▸ **WHAT THE TASK REQUIRES**: Beneath this instruction is a listing. Transcribe from it only the stretch from the line with "This is the" through the line with "Trélazé. © Ouest-France", both end lines included, exactly as written.

----- PROVIDED MATERIAL

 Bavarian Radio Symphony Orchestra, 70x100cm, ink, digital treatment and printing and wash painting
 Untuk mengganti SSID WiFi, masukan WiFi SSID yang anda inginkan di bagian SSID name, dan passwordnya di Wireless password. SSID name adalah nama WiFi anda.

----------
----- PROVIDED MATERIAL

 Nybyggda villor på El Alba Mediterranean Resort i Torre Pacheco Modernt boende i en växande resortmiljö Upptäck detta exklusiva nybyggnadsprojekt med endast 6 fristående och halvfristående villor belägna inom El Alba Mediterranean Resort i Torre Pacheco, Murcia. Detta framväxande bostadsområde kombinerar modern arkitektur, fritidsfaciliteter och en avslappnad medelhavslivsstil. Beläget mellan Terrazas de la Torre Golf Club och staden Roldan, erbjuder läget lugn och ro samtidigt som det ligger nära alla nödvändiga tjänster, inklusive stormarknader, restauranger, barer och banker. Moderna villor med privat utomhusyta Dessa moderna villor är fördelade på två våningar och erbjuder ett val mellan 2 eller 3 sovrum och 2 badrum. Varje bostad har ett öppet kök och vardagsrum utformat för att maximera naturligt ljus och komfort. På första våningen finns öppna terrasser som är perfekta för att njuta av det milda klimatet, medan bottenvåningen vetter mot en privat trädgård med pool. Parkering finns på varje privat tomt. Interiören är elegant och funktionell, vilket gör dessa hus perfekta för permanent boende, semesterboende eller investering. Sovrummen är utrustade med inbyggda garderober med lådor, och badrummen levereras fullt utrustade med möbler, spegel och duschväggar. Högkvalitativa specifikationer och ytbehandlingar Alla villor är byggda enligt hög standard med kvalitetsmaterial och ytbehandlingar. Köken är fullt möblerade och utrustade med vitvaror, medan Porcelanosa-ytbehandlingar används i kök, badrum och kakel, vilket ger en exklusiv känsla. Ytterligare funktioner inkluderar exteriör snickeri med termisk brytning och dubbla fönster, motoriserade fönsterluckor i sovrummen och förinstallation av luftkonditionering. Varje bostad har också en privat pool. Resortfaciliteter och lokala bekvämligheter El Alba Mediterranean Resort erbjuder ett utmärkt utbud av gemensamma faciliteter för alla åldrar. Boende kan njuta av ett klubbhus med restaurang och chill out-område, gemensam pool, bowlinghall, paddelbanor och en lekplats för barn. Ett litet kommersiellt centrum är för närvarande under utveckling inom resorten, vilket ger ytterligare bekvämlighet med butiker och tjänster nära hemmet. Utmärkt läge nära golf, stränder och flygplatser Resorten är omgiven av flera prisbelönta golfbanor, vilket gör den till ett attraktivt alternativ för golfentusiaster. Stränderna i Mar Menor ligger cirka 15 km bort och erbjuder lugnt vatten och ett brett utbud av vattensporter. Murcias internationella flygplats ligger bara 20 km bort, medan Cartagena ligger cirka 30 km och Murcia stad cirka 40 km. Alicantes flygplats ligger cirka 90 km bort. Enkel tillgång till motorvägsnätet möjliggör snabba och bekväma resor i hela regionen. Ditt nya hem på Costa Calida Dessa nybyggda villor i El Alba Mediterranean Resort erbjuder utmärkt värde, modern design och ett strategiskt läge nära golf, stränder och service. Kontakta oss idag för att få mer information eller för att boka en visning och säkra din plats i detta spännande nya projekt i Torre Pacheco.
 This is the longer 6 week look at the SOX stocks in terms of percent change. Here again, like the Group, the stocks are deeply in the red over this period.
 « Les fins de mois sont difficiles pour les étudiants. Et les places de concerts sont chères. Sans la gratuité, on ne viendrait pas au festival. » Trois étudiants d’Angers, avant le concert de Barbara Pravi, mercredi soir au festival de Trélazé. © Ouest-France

----------

▸ **SOLUTION FOR THIS TASK**:
 This is the longer 6 week look at the SOX stocks in terms of percent change. Here again, like the Group, the stocks are deeply in the red over this period.
 « Les fins de mois sont difficiles pour les étudiants. Et les places de concerts sont chères. Sans la gratuité, on ne viendrait pas au festival. » Trois étudiants d’Angers, avant le concert de Barbara Pravi, mercredi soir au festival de Trélazé. © Ouest-France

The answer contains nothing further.